Converting JavaScript code into TypeScript

In this section, we will see how to transform some JavaScript code into TypeScript.

Let’s suppose we have to check whether a word is a palindrome. The JavaScript code for this algorithm will be as follows:

function isPalindrome(word) {
  const lowerCaseWord = word.toLowerCase()
  const reversedWord = lowerCaseWord.split('').reverse().join('')
  return lowerCaseWord === reversedWord
}

You can name this file palindrome.ts.

As you can see, we are receiving a string variable (word), and we are returning a boolean value. So, how will this be translated into TypeScript?

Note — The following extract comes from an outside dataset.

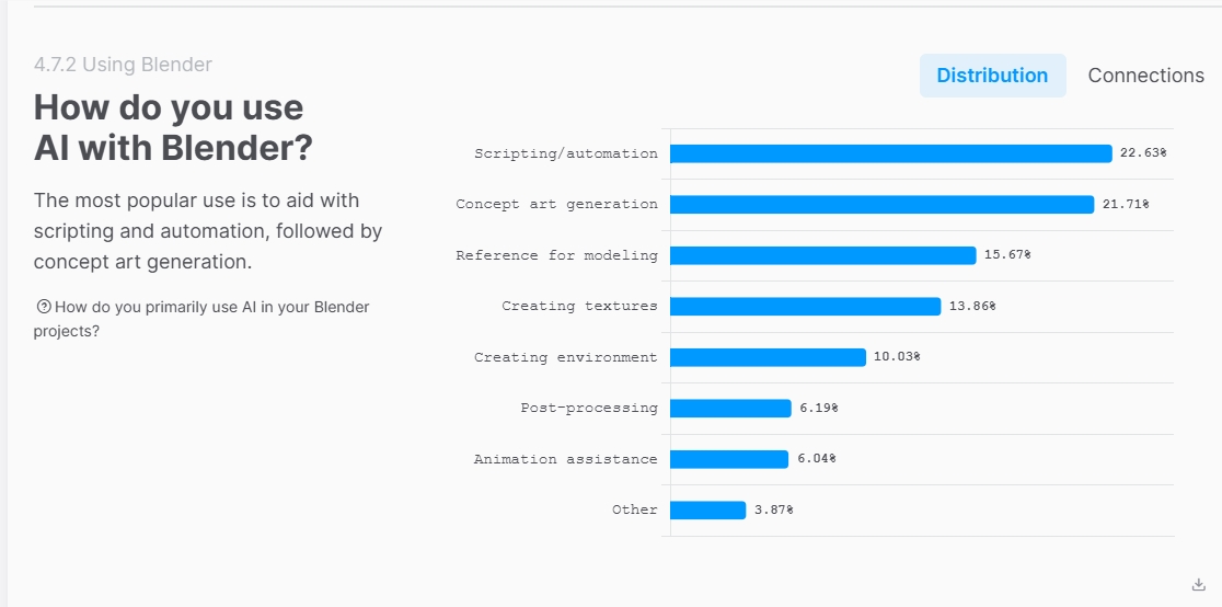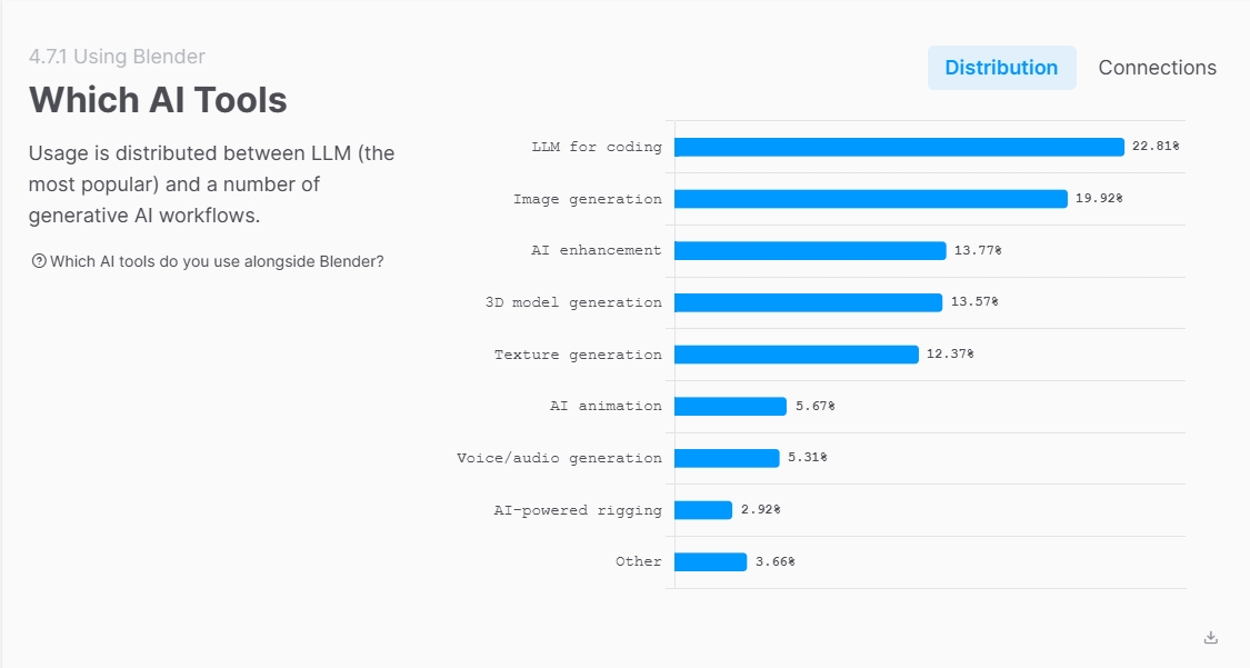 在 生成式人工智能(AIGC) 持续风靡的当下,专业创作领域对 AI 的接受度究竟如何?近日,Blender 基金会发布了 2025年度用户反馈调查报告,揭示了 3D 建模与数字雕刻创作者对 AI 技术的真实态度。AiGoe 对报告数据进行梳理发现,尽管 AI 工具层出不穷,但 专业 3D 创作者 仍高度依赖传统手工创作技艺。AI在专业3D工作流中的渗透率低报告显示,在对 5102 名 Blender 用户的调查中,超过一半的受访者目前 完全不使用 AI 工具。即使在那些已经尝试集成 AI 的用户中,经常使用 AI 的比例仅为7%。这一数据表明,在追求精确造型与艺术表达的 3D 建模和数字雕刻领域,手工创作仍占主导地位,AI 更多被视为辅助工具而非创作主体。 AI更多被用作“数字学徒”在已经使用 AI 的创作者中,最常见的应用场景是 脚本编写与自动化处理(占比约 22.6%),其次是 辅助生成概念草图。换句话说,AI 在专业 3D 制作中更多扮演 效率提升工具 的角色,而非直接产出最终艺术品。创作者们利用 AI 来加速重复性任务和初步设计,保留了对细节与艺术表达的完全掌控。 年轻化、专业化用户群体偏好传统创作调查还显示,Blender 用户群体呈现 年轻化和专业化 特征,主要集中在 19 至 35 岁,涵盖美国、德国和中国的专业美术师与设计师。对于这些核心用户而言,软件的 开源特性 与纯粹的创作乐趣(Net Promoter Score 高达 82.5 分)远比追逐 AI 新潮更有吸引力。 AI在专业创作领域的未来趋势尽管生成式 AI 在概念设计、动画预览和辅助建模等方面显示出潜力,但 Blender 2025 年度报告表明,AI在高精度艺术创作中的渗透仍有限。创作者们更倾向于将 AI 作为工具链的一部分,用于 提高工作效率、优化流程,而非替代核心创作能力。 随着 AI 技术不断成熟,预计未来 Blender 社区可能会逐步增加 AI 辅助功能,但 手工建模与数字雕刻的专业技能仍将保持核心地位。对于希望在 3D 设计、动画制作和数字艺术领域保持竞争力的创作者来说,掌握传统建模技艺与合理运用 AI 工具将成为双重必备能力。 |

function isPalindrome(word: string): boolean {
  const lowerCaseWord = word.toLowerCase()
  const reversedWord = lowerCaseWord.split('').reverse().join('')
  return lowerCaseWord === reversedWord
}

You’re probably thinking, “Great, I just specified the string type as word and the boolean type to the function returned value, but now what?”

If you try to run the function with some value that is different from string, you will get a TypeScript error:

console.log(isPalindrome('Level')) // true
console.log(isPalindrome('Anna')) // true
console.log(isPalindrome('Carlos')) // false
console.log(isPalindrome(101)) // TS Error
console.log(isPalindrome(true)) // TS Error
console.log(isPalindrome(false)) // TS Error

So, if you try to pass a number to the function, you will get the following error:

Graphical user interface, text, application  Description automatically generated

Figure 2.1: Type number is not assignable to parameter of type string

That’s why TypeScript is very useful, because it will force you to be stricter and more explicit with your code.